Based on the data presented in the above tests, a threshold of 99.999% popANI was chosen as the threshold to define bacterial, bacteriophage, and plasmid strains for the work presented in the inStrain manuscript. This is likely a good threshold for a variety of communities.

Methods for true microbial community benchmark:

Twin-based comparisons were performed on three randomly chosen sets of twins that were sequenced during a previous study (Olm 2019). Reads can be found under Bioproject PRJNA294605

For StrainPhlAn, all reads sequenced from each infant were concatenated and profiled using Metaphlan2, compared using StrainPhlAn, and the ANI of resulting nucleotide alignments was calculated as described for the synthetic benchmark.

For MIDAS, all reads sequenced from each infant were concatenated and profiled with MIDAS, and the ANI of species profiled in multiple infants was calculated as described for the synthetic benchmark.

For dRep, all de-replicated bacterial genomes assembled and binned from each infant (available from (Olm 2019)) were compared in a pairwise manner using dRep under default settings.

For inStain, strain-sharing from these six infants was determined using the methods described below.

ANI values from all compared genomes and the number of genomes shared at a number of ANI thresholds are available for all methods in Supplemental Table S1 of the inStrain publication.

Species-level community profiling¶

This section contains tests evaluating the ability of inStrain and other tools to accurately profile microbial communities. Here inStrain is benchmarked against two other tools:

MIDAS - an integrated pipeline to estimate bacterial species abundance and strain-level genomic variation.

MetaPhlAn 2 - a computational tool for profiling the composition of microbial communities from metagenomic shotgun sequencing data.

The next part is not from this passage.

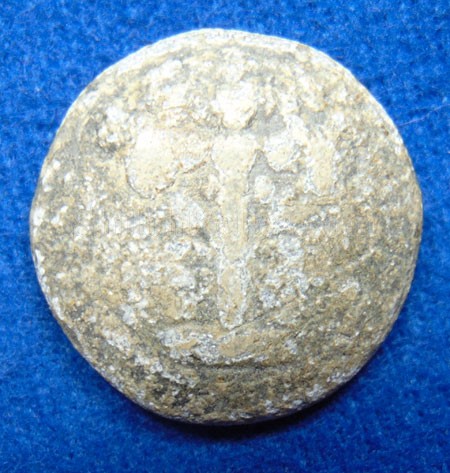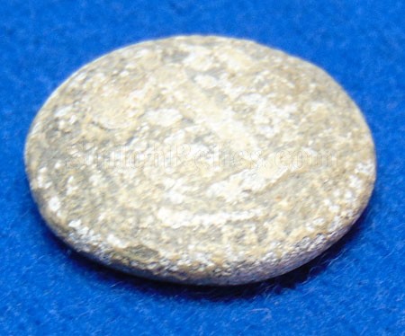 This is a scarce button. It's rough but real. This is the excavated coat size state seal uniform button for the state of South Carolina. This is the pattern that is solid cast out of white metal. They are Confederate copies of the pre-Civil War South Carolina state seal buttons. It has the palmetto tree on the face of the button with the motto around the side. The motto reads "Animis Opibusque Parati" which translates as "Prepared in mind and Resources." As you can see the face of the button retains only faint traces of the detail and is priced accordingly. The original integrally cast shank has been lost to the ages from the reverse. This is a variant of the button that is listed as figure SC284 in Tice's button book. This one is in excavated shape and has a cool look.

MetaPhlAn 2 uses unique clade-specific marker genes.

Benchmark with defined microbial communities¶

This test evaluated the ability of programs to identify the microbial species present in metagenomes of defined bacterial communities. For this test we purchased, extracted DNA from, and sequenced a ZymoBIOMICS Microbial Community Standard. The reads used for this test are available here. This community contains 8 defined bacterial species, and we simply evaluated the ability of each program to identify those and only those 8 bacterial species. Results in the table below.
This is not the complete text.